The Mango is a fruit that symbolizes the love of our hearts in India and is considered a gesture of friendship. Mango farming is one of the most important commercial crops in India. Mangos are called the king of fruits because they have superb flavor, attractive fragrance, delicious taste, and vitamins A & C. Also, mango trees are hardy and require little maintenance.
Due to its taste and health benefits, it is one of the most lovable fruits in the world. Mango is a drupe consisting of an external skin, a meaty and pulpy palatable portion, and an organic stone enclosing a seed, similar to a plum, cherry, or peach. India is the world’s largest mango producer, producing more than 20 million tonnes.
India’s major Mango producing states are Andhra Pradesh, Uttar Pradesh, Karnataka, Bihar, Gujarat, and Tamil Nadu. Areas famous for Mango cultivation in Uttarpradesh are Lucknow, Pratapgarh, Allahabad, Bulandshahar, Saharanpur, Faizabad, Varanasi, Moradabad, Barabanki, Meerut, Unnao, Sitapur, Hardoi, Gorakhpur, Basti, JP Nagar, and Mathura are the major Mango producing belts.
Key rules to grow organic Mangoes in Uttarpradesh
How does the Uttarpradesh government support organic farming
The government of Uttar Pradesh promotes Organic Farming under Paramparagat Krishi Vikas Vikas Yojana (PKVY) in 138 Clusters in Chandauli district, one of the 25 Ganga Basin districts under the Namami Gange Project. The activities involve mobilization, registration of farmers, uploading data on the PGS Portal, documentation, training, and capacity building of farmers, providing marketing assistance through arranging linkages with buyers and brand building, etc.
The Uttar Pradesh government has planned to promote organic farming within a 10-kilometer radius of both Ganga river banks throughout the state. The effort has been planned on the river banks in 27 districts through which Ganga flows, including Bijnor, Badaun, Amroha, Meerut, Bulandshahr, Aligarh, Farrukhabad, Kannauj, Kanpur city, Kanpur Dehat, Fatehpur, Prayagraj, Mirzapur, and Ghazipur.
Mango varieties widely cultivated in Uttarpradesh
With an average annual production of 45,00,000 tons of mangoes in Uttar Pradesh, popular varieties such as Chausa, Dusheri, Fazli, Gulab Khas, Langra’, Mallika, and Amrapali are produced in the state.
Dasheri Mangoes – Lucknow and Malihabad, Uttar Pradesh
Known as royal mangoes, dasheri mangoes hail from Lucknow, the land of Nawabs. In North India, this town is known for its mango chain. From May through August, they are available. Due to their wholesome taste, dasheri mangoes grow easily in different varieties in India.

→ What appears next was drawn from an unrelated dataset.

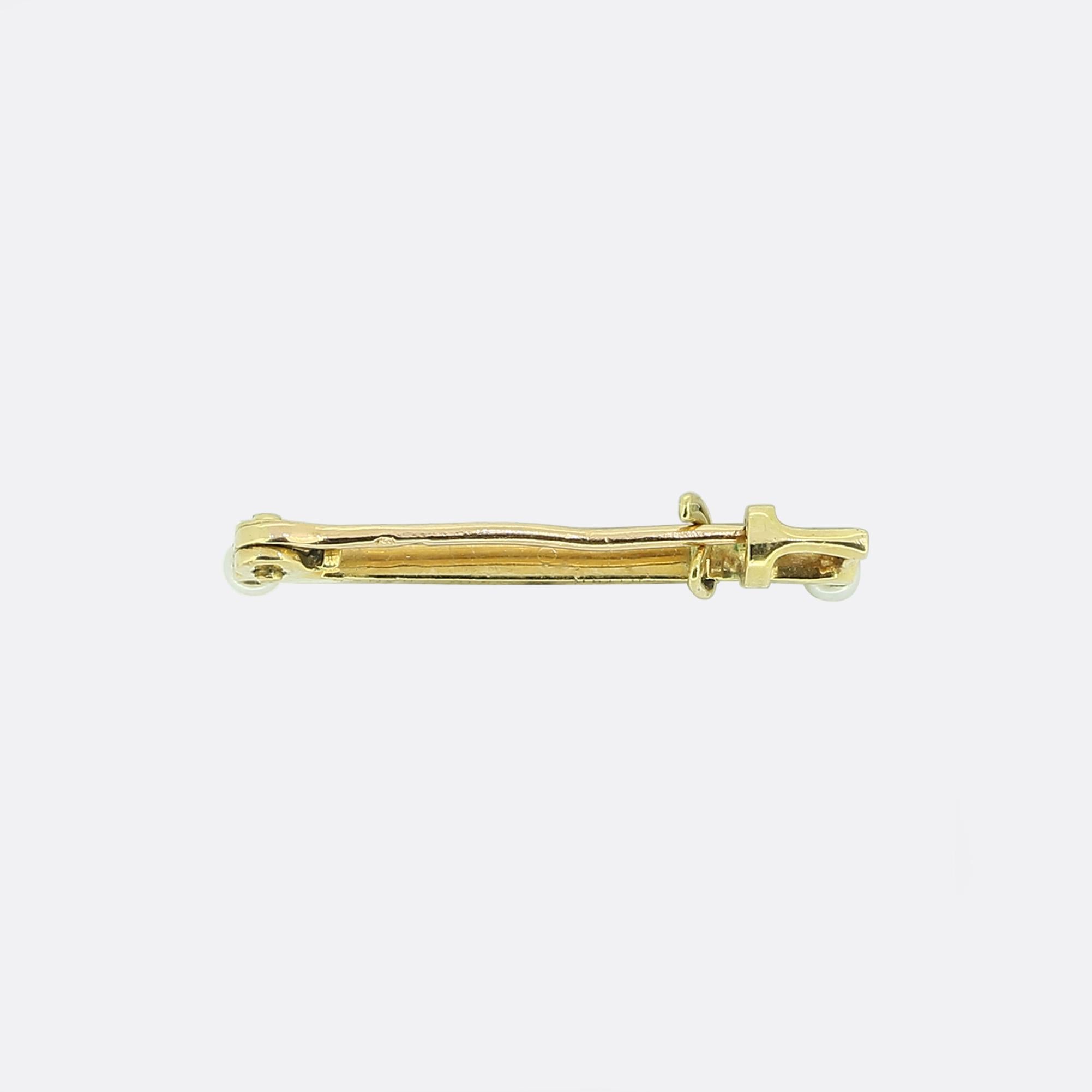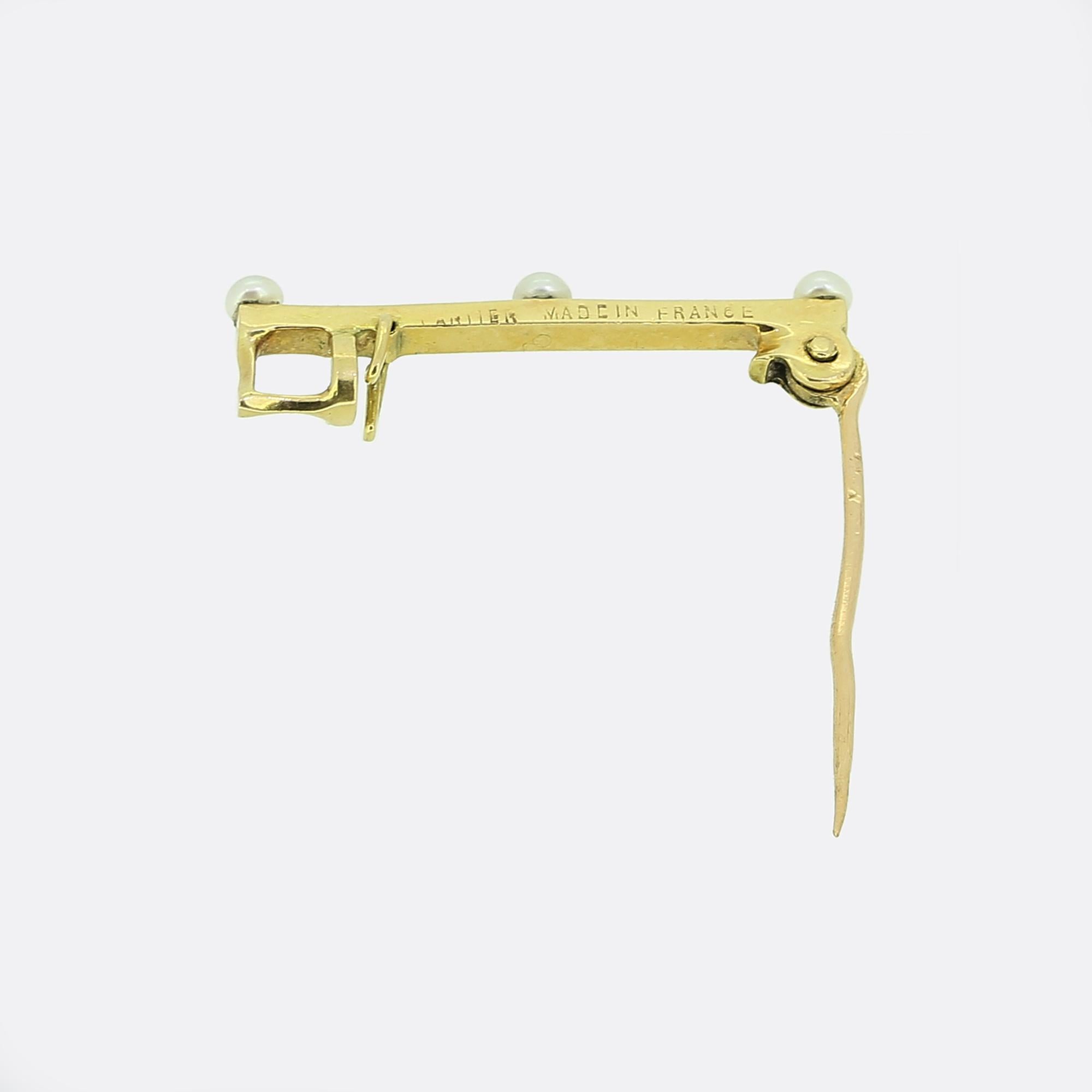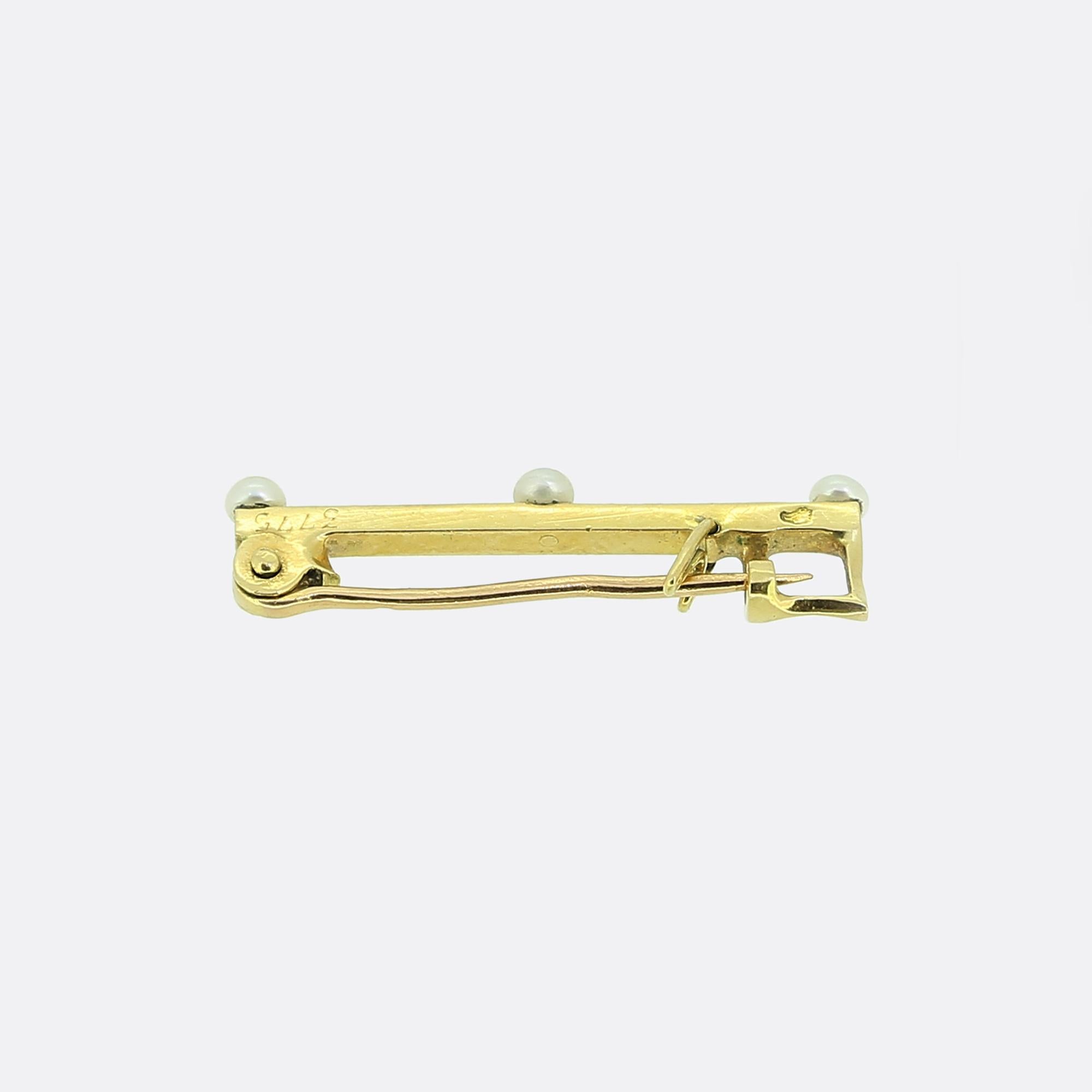 Here we have a refined bar mini bar brooch from the world renowned jewellery house of Cartier. Showcasing a minimalist design with a touch of elegance, this piece features three lustrous white pearls, evenly spaced along a slender bar of 18ct yellow gold enamelled in a pinky coral colour tone. The linear arrangement emphasises simplicity and sophistication, with the warm tone of the gold complementing the soft sheen of the pearls. This brooch is a testament to exquisite craftsmanship, making it a timeless accessory.

In case you missed it: Dashehari Mango Farming in India: Cultivation and Production Practices
Langra Mangoes – Varanasi, Uttar Pradesh
Langra Mango is famous for its medium-sized mangoes. Natives of these mangoes easily narrate a farmer who cultivated this type of Mango. Known for their lemon-yellow skin and delicious taste, Banarasi Langra mangoes are available from June to July. Approximately 3 tons of Langra mangoes are produced per acre on average.
Chausa Mangoes – Hardoi, Uttar Pradesh
Chaunsa Mango trees are, for the most part enduring evergreen trees that may accomplish a stature of 50 ft and additionally expansiveness of 30 feet. The Mango’s skin is calfskin-like and varies in shading from yellow-hued green to red. The mango seed can be found amidst the natural product. The foliage is golden, pink, or even light green-hued and transforms into dull green at development. This variety would yield around 2.5 to 3 tonnes of fruits per year.
Fazli mangoes – Malihabad, Uttarpradesh
Fazli mangoes are known for their size. These green-colored mangoes are also grown in Bengal and other states, but the premium quality Fazli mangoes come from UP’s Malihabad, Lucknow, and Saharanpur. Its pulp is fibreless and a late maturing mango that ripes in August. Because of its fibreless pulp, it is also a common ingredient for jams and pickles. The aroma of this Mango is very good, and the taste is very sweet. These mangoes are huge, weighing 1-1.5 kg each.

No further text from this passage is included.